Jeune chef de chantier en 1958

SOPHIE LEBRUN

RENCONTRE

Frans Cools a suivi avec attention la rénovation de l'Atomium. «Il y a tout juste 50 ans, en 1956, j'entamais ce chantier où j'allais travailler pendant dix-neuf mois», calcule-t-il. Il n'a alors que 27 ans -mais déjà dix ans d'expérience professionnelle, entre autres dans le châssis à molette de Belle-Fleur et un pont de 780 mètres au Congo- quand il est promu chef de chantier pour les Ateliers de construction Jambes-Namur en charge du montage de l'Atomium. Un véritable défi.

Et un chantier où Frans Cools se sentira «un peu en famille»: deux de ses frères, un beau-frère et un neveu y travailleront aussi.Dans sa maison de Tessenderlo, les souvenirs de cette expérience unique trônent en bonne place. En premier lieu les reproductions du célèbre monument: l'officielle, modèle réduit doré, reçue à la fin du chantier; la version scintillante, style «boule à facettes», qu'il a réalisée lui-même; et la maquette, en bois peint qu'un pensionné passionné a fabriquée. Des photos de 1958 ornent les murs, d'autres remplissent des albums entiers: Frans Cools en jeune père expliquant la forme de l'Atomium à ses deux fils au moyen de pommes de terre et de fourchettes, le chef de chantier en compagnie de Léopold III, de Baudouin Ier, du Premier ministre Van Acker; et d'innombrables photos de la construction, qui permettent de prendre la mesure du temps parcouru.

Avec les moyens du bord

«Aucune construction de ce type n'existait, c'était énorme pour l'époque: on n'avait pas les grues et flèches qu'ils ont aujourd'hui!», compare Frans Cools. Qui insiste sur la complexité du bâtiment: «Rien avoir avec la tour Eiffel, qui constituait un montage assez ordinaire, en petit fer, pièce par pièce.» En l'absence de grues, c'est au moyen d'immenses mâts, de treuils électriques et de câbles -la préparation du chantier prendra dix mois- qu'est assemblé le grand meccano de l'Atomium. Un chantier dont l'ampleur est difficile à imaginer aujourd'hui: les treuils, profondément ancrés dans le sol, qui tenaient les mâts en place étaient distants de 250 mètres de part et d'autre de l'Atomium. «Au début, pas de souci, on était les premiers sur le terrain de l'Expo. Mais quand les autres pays sont arrivés pour construire leurs pavillons, nos câbles étaient dans le chemin...»
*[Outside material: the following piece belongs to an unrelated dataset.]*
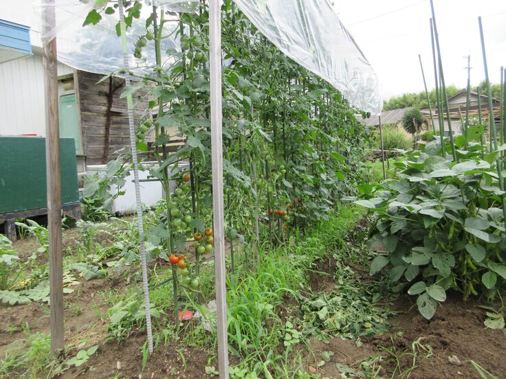 当初菜園を始めてから最初のころ見て不思議だなと思ったのがトマト栽培にビニール傘がさして
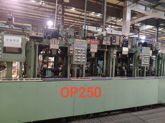 生產(chǎn)線整線設(shè)備在1998年由德國(guó)進(jìn)口,生產(chǎn)節(jié)拍22.5s,設(shè)計(jì)產(chǎn)能60萬(wàn)件/年。生產(chǎn)線轉(zhuǎn)讓設(shè)備包括配備先進(jìn)的專機(jī)(4工位組合機(jī)床)、立式拉床、立式加工中心、專機(jī)(8工位組合機(jī)床)、單端面磨床、組裝機(jī)、專機(jī)(4工位組合機(jī)床)、珩磨機(jī)、清洗機(jī)、稱重分組機(jī)、輸送系統(tǒng),保證產(chǎn)品的質(zhì)量和高效率穩(wěn)定的生產(chǎn)。

Les ouvriers voltigeurs n'étaient pas harnachés comme ceux d'aujourd'hui. «Et ils s'accrochaient où et quand ils pouvaient: on partait de rien, on devait tout monter au fur et à mesure.» Malgré ces conditions, «on n'a eu à déplorer aucun accident grave!» se réjouit Frans Cools.

Pas de téléphone mobile: «On communiquait beaucoup par signes et par cris. Ce n'est que tout à la fin que j'ai eu un téléphone de l'armée», se souvient Frans Cools. Jusqu'à 125 hommes ont travaillé simultanément sur le chantier lors du montage des pièces métalliques proprement dit, qui n'a duré que neuf mois, indique-t-il fièrement. Les constructeurs du monde entier venaient de loin pour admirer le savoir-faire en action, notamment les bipodes de 110 tonnes assemblés au sol et ensuite montés. «C'était exceptionnel pour l'époque.»

Inutile de dire que la rénovation de l'Atomium remplit de joie Frans Cools, lui qui l'a vu se dégrader progressivement: «Son existence était prolongée d'année en année, il n'a donc jamais bénéficié d'un grand entretien.» Frans Cools, 76 ans, retournera avec joie dans ce lieu chargé de souvenirs. C'est là, dans le restaurant panoramique, qu'il a célébré ses 50 ans de mariage.